## Extracted entries
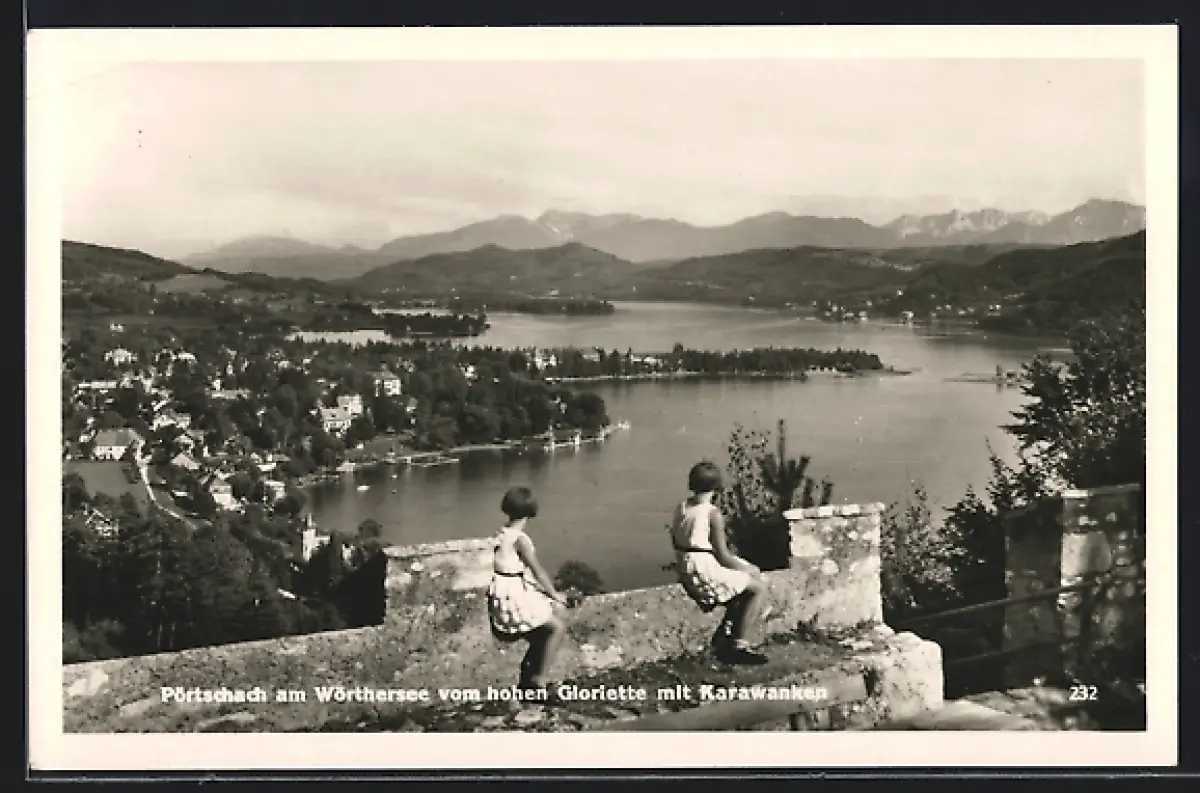 AK Pörtschach a. Wörthersee, Ort vom hohen Gloriette mit Karawanken, Kinder
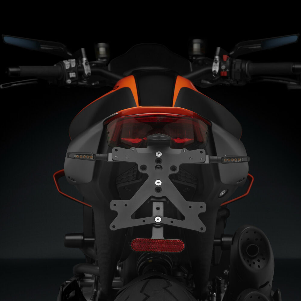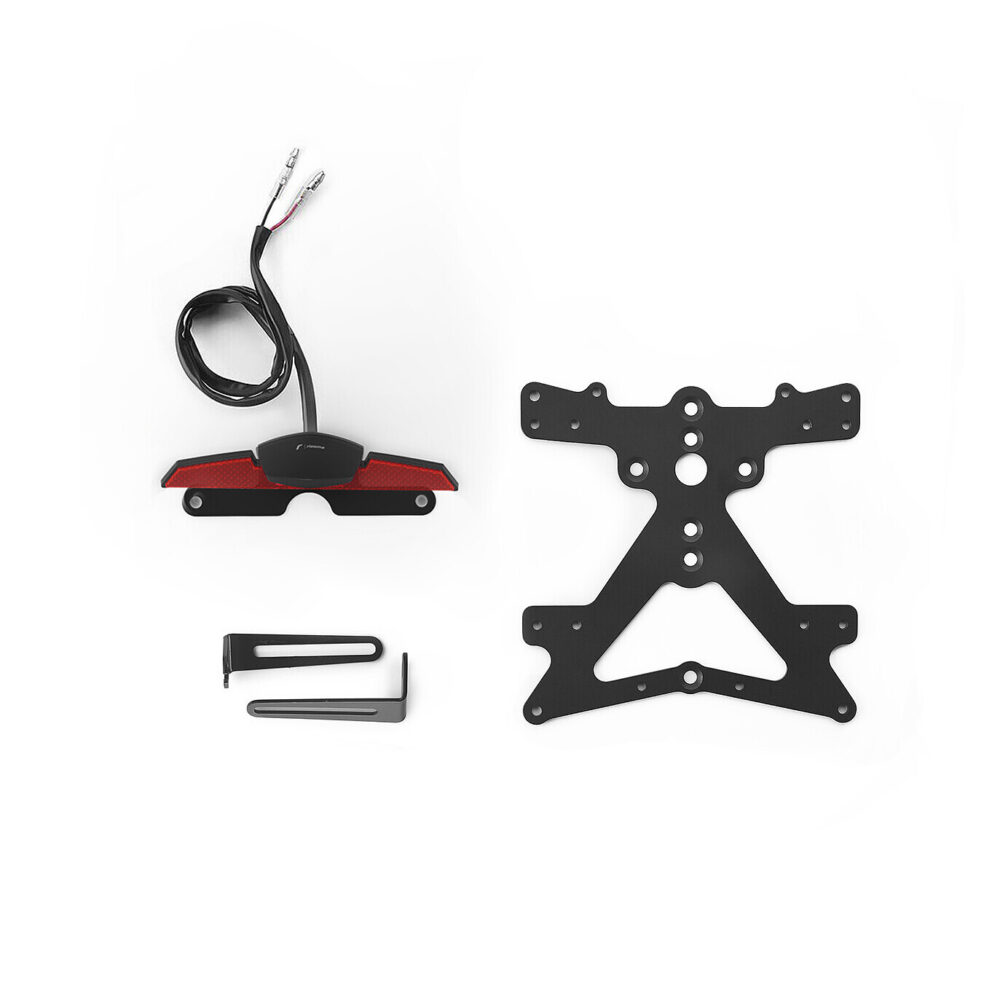 Kit completo di piatto targa 173x173 mm, supporti per indicatori di direzione Rizoma, luce targa LED SMD (omologata) e catarifrangente.
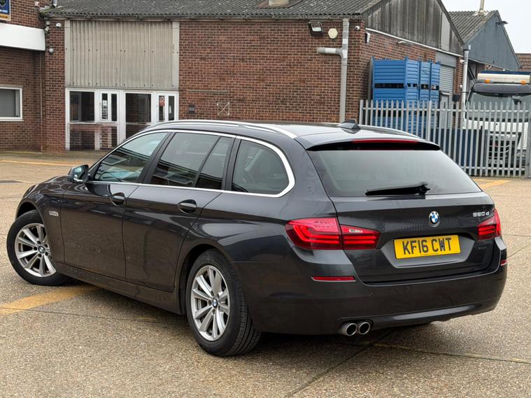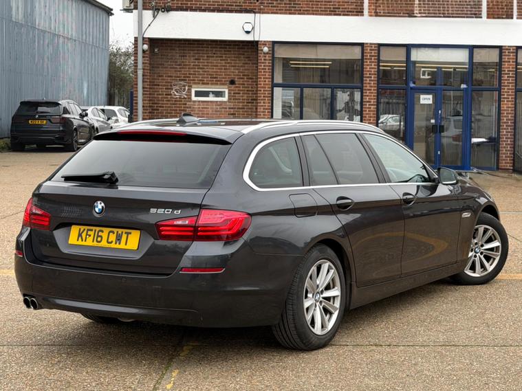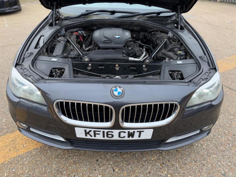 With only 90, 000 miles on the clock, this 2016 BMW 5 Series 520d SE represents excellent value, having been owned by just two careful keepers. This Euro 6 compliant model boasts a 2.0 litre diesel engine and comes in the well appointed SE trim. Notable features include an electric towbar, perfect for those who need to tow, and exterior trim finished in High Gloss Shadowline for a sleek look. You'll also find sun protection glazing for added privacy and comfort, front LED fog lights for improved visibility, and Bluetooth hands free facility for seamless connectivity on the go.This BMW 5 Series excels in several key areas, demonstrating its superiority over other vehicles in its class. Its impressive fuel economy of 63 mpg means fewer trips to the petrol station and more money in your pocket. The large boot space offers ample room for luggage or shopping, making it a practical choice for families and individuals alike. Furthermore, its low CO2 emissions contribute to a lower environmental impact. For those who appreciate performance, the 0-62mph acceleration in just 8.0 seconds ensures a responsive and engaging driving experience..
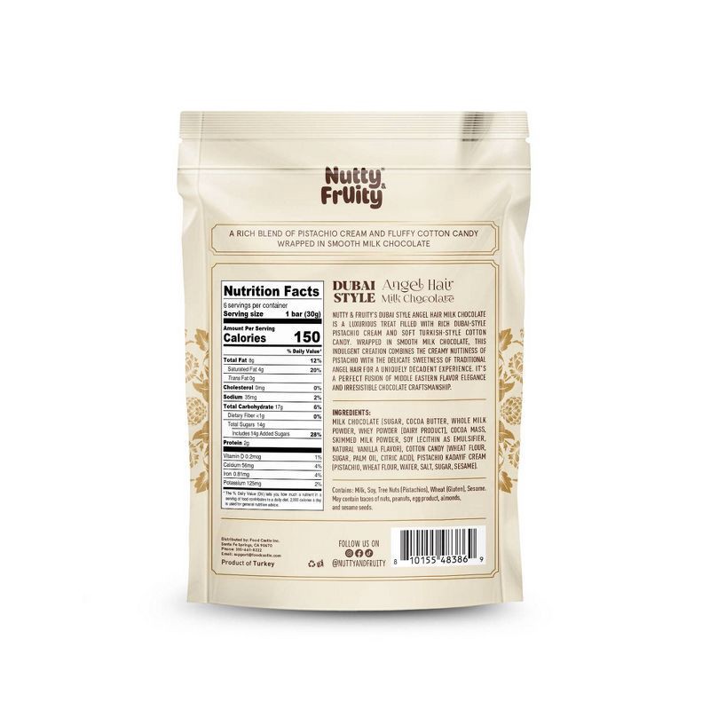 Nutty and Fruity Dubai Angel Hair Milk Chocolate Bars - 6.35oz/6ct
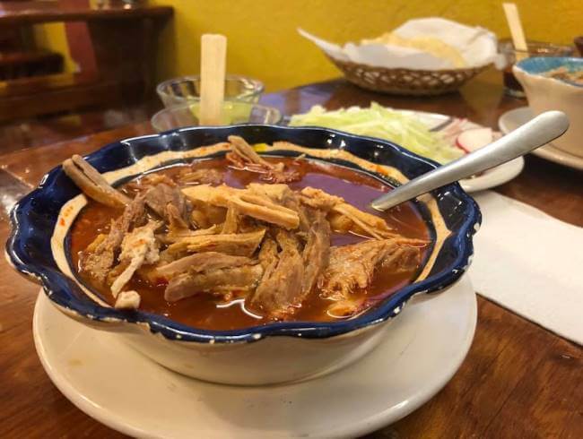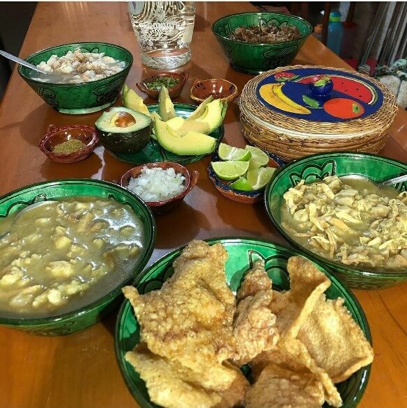 Además se cocina con granos de maíz cacahuazintle y se complementa con cebolla, rábanos, orégano, lechuga, limón y chile piquín, entre otros ingredientes que lo hacen único. (Pónganse pilas porque el maíz pozolero parece que está subiendo de precio como nunca, en este 2023).
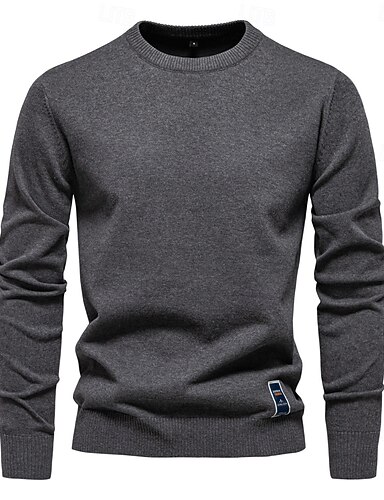 Herrenpullover aus einfarbiger Baumwolle mit Rundhalsausschnitt, lässiger, klassischer Pullover für Männer
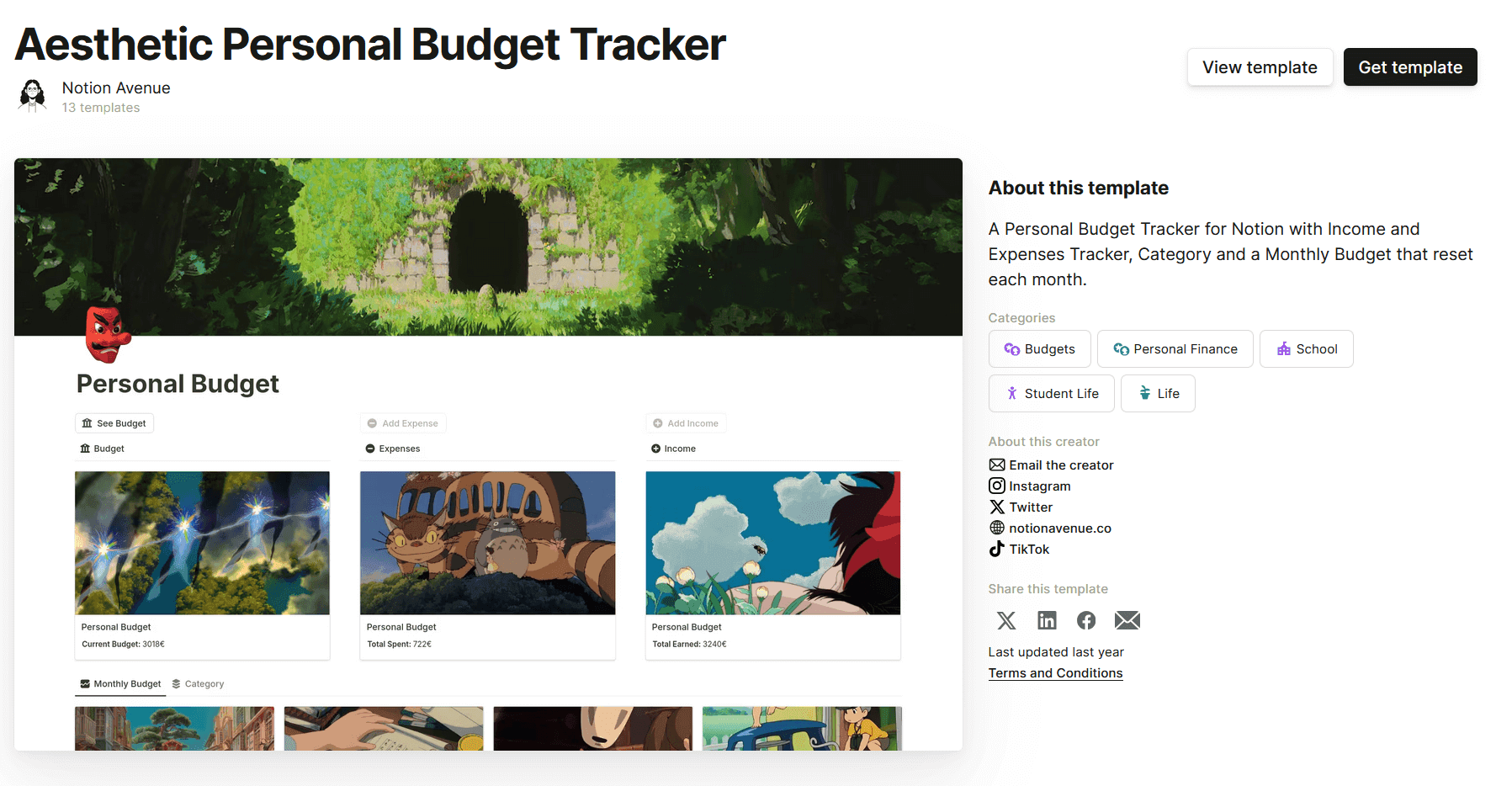 The Aesthetic Personal Budget Tracker is a sleek and organized free Notion template designed to help you manage your finances with ease. With a minimalist and visually pleasing layout, it allows you to track income, expenses, and savings goals effortlessly.

## Instructions to follow
Restate only the lines running from the start of the material above through the line containing "Kit completo di", ends included. No pictures.

## Output of the task
 AK Pörtschach a. Wörthersee, Ort vom hohen Gloriette mit Karawanken, Kinder
 Kit completo di piatto targa 173x173 mm, supporti per indicatori di direzione Rizoma, luce targa LED SMD (omologata) e catarifrangente.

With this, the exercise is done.